Question 2: Calculate the average tuition in each state across all years in the data, and sort it from highest to lowest. Do you notice any patterns? Answer: Tuition in the Northeast seems to be the most expensive.
AvgTuition <- tuitiontidy %>%
group_by(State) %>%
summarise(State_Avg = mean(Tuition)) %>%
arrange(desc(State_Avg))
ggplot(AvgTuition) +
geom_bar(aes(x = reorder(State, State_Avg), y = State_Avg),
stat = "identity", position = "dodge") +
coord_flip()
Question 4: Does the average tuition cost decrease for any state? Which states have the largest/smallest increases over this period? To adjust for the fact that states have very different tuition costs in 2004, calculate this in terms of percentage change. Hint:Think about how arrange() combined with first() and last() would be helpful to calculating this change. Answer: Yes, the average tuition cost decreases for Ohio. Hawaii has the largest tuition cost increase and Maryland has the smallest increase.
Perc_Change <- tuitiontidy %>%
arrange(State, Year) %>%
group_by(State) %>%
mutate(TCP = ((last(Tuition) - first(Tuition)))/first(Tuition) * 100) %>%
summarise(Tuition_Perc_Change = mean(TCP)) %>%
arrange(desc(Tuition_Perc_Change))
Question 4a: Now consider which states have the largest/smallest increases in absolutevalue (dollar amount) over this period. Are the states with the highest percentchange the same as the states with the highest absolute change? Answer: They are not the same. Hawaii, Colorado, Arizona, Georgia, and Nevada had the highest percent change, but Hawaii, Arizona, Colorado, Illinois, and New Hampshire have the highest absolute value change.
Dollar_Change <- tuitiontidy %>%
arrange(State, Year) %>%
group_by(State) %>%
mutate(TDC = last(Tuition) - first(Tuition)) %>%
summarise(Tuition_Dollar_Change = mean(TDC)) %>%
arrange(desc(Tuition_Dollar_Change))
Question 5: Let’s get a closer look at a few states and their tuition trends.
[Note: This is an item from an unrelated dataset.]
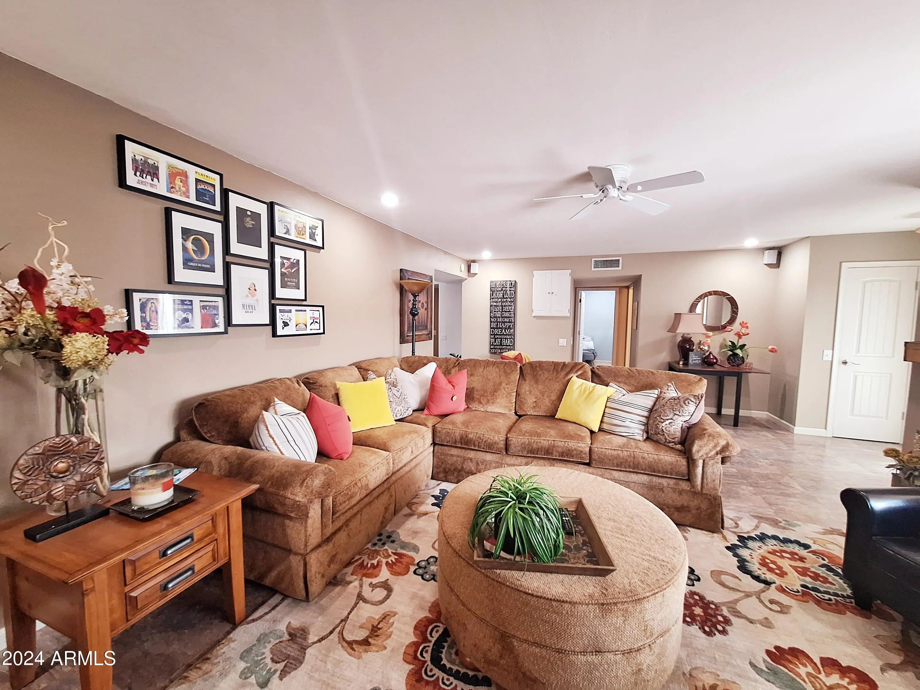 This home is currently booked Dec 2025 thru April 2026. Seasonal rates apply. Beautiful home fully furnished 2 bed and 2 bath seasonal rental near desirable Union Hills & 99th Ave. This home has been professionally decorated with special touches throughout! Relax with a 75'' Flat screen TV in living room for streaming your favorite movies. Comfy King in Master and Queen in Guest bedroom. Everything you need including full size and smaller appliances, dishes and utensils, all linens, blankets and towels, just bring your suitcase! Modern touches make this a popular winter rental, year after year. Private patio in back for lounging outside, and a 2-car garage! Centrally located and close (but not too close) to access highways like the 101. Short-term seasonal fully priced rental non-seasonal pricing for $2500. Pricing for December through May is $3,500.00 This home won't disappoint! Sun City is a 55+ Active Adult Community with 9 rec centers and 8 golf courses waiting for you!

Explore the data and choose five states that have an interesting pattern. Justify why you chose these states. Answer: I chose to look at two states with a high percentage of change in cost, one that was about in the middle and two that were low or negative percentages of change. I want to get a sense of whether or not the percentages of increase in priuces were due to low starting rate and trying to get on par with tuitions at other institutions or not.
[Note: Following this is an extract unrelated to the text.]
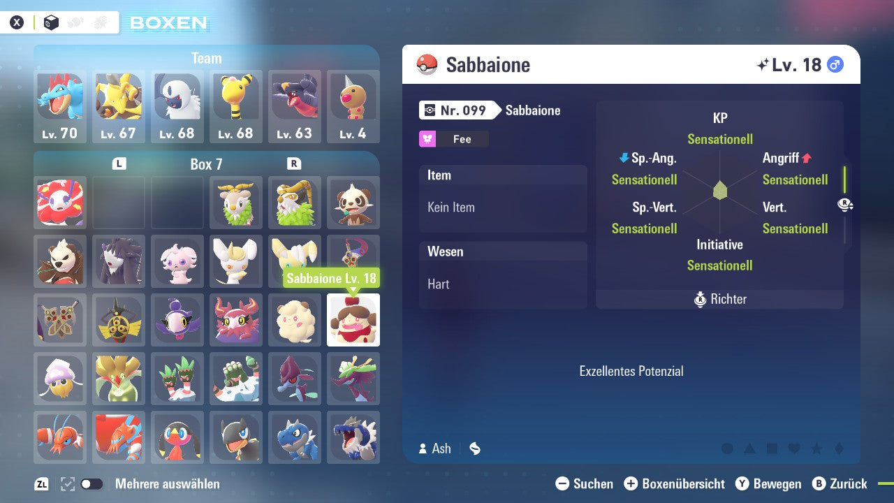 Das Pokemon ist mit beeindruckenden 6×31 IV-Werten ausgestattet. Das bedeutet, dass es auf allen sechs Werten (KP, Ang., Sp-Ang., Vert., Sp-Vert., Init.) die maximalen 31 IV/DV-Punkte besitzt. Dein Pokemon startet somit mit herausragender Stärke in digitale Kämpfe.
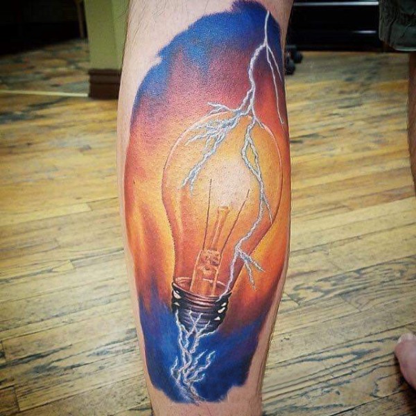 男生小腿上彩绘渐变简单线条闪电和灯泡纹身图片

Intrest_States <- tuitiontidy %>%
filter(State %in% c("Hawaii", "Colorado", "Idaho", "Maryland",
"Ohio"))
Question 5a: Next, plot each state’s tuition change over time using a line graph. What can you conclude from the graph? Answer: The states that have the highest percentage of increased tuition, Hawaii and Colorado, started out with fairly lowest tuitions, but their drastic increase still does not put them at the top of the list for average price of tuition. They now fall just below the overall average cost of tuition. Idaho, which was my median average percentage change is still pretty low and far away from the cost of the overall average tuition. Where as Maryland and Ohio, which were my low and negative percentage of increased tuition are still holding tuition prices that are slightly highet than the overall average tuition.
ggplot(Intrest_States) +
geom_line(aes(x = Year, y = Tuition, group = State)) +
facet_wrap(~ State) +
theme(axis.text.x = element_text(angle = 90))
Bonus Question: Show the tuition trends over time for all 50 states all in one image, with each state in its own little graph. Make the line for the state that you are from (or pick a random state if you’re not from the US) a different color than all the other states.
ggplot(tuitiontidy) +
geom_line(aes(x = Year, y = Tuition, group = State, color = ifelse(State == "Pennsylvania", 'Home', 'Other'))) +
facet_wrap(~ State) +
theme(axis.text.x = element_text(angle = 90), legend.position = "none")